● **GIVEN INFORMATION**
=-=-=
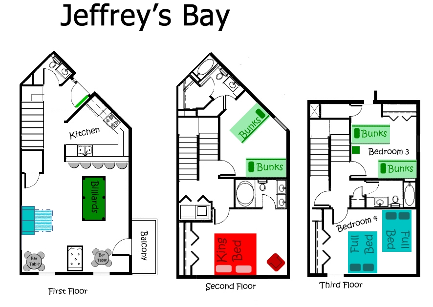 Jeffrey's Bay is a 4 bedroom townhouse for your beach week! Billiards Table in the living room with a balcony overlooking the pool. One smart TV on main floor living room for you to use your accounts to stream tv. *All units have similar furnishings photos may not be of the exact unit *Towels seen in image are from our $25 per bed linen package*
=-=-=
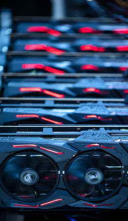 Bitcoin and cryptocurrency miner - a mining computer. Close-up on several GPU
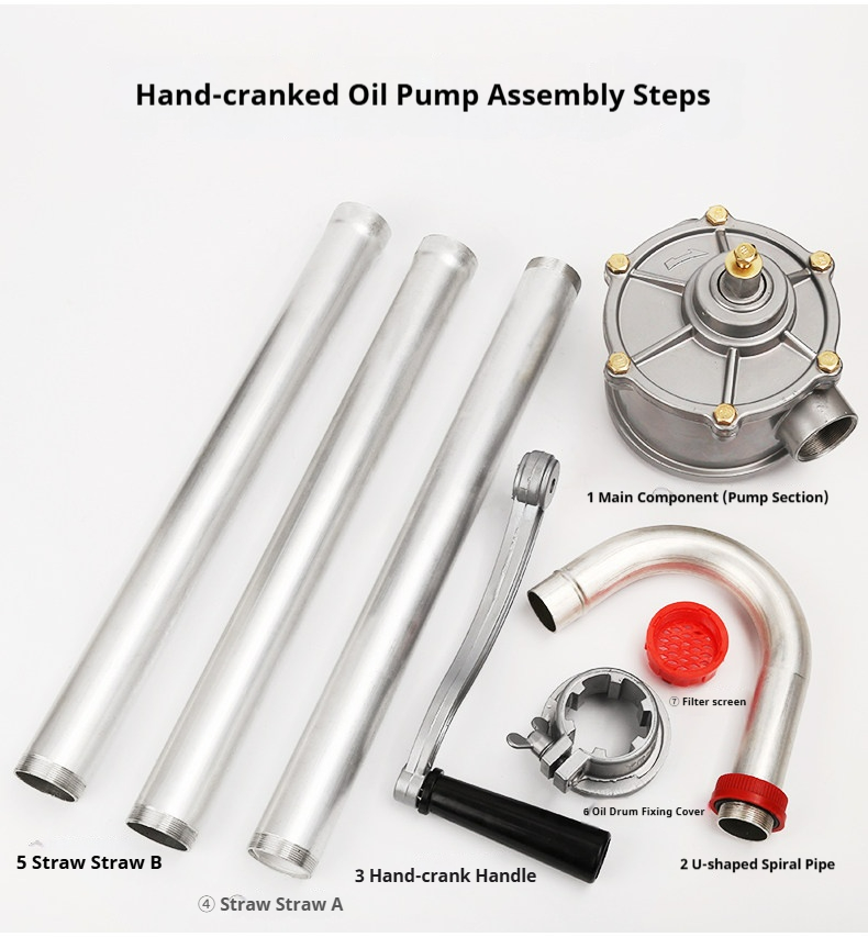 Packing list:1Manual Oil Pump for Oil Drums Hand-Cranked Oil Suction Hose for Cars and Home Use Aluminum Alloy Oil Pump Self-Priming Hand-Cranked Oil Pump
=-=-=
● **YOUR TASK**
Beginning with the line above that contains "Bitcoin and cryptocurrency" and finishing with the line that contains "Packing list:1Manual Oil", print those lines exactly and only. Skip all pictures.

● **WRITTEN ANSWER**
 Bitcoin and cryptocurrency miner - a mining computer. Close-up on several GPU
 Packing list:1Manual Oil Pump for Oil Drums Hand-Cranked Oil Suction Hose for Cars and Home Use Aluminum Alloy Oil Pump Self-Priming Hand-Cranked Oil Pump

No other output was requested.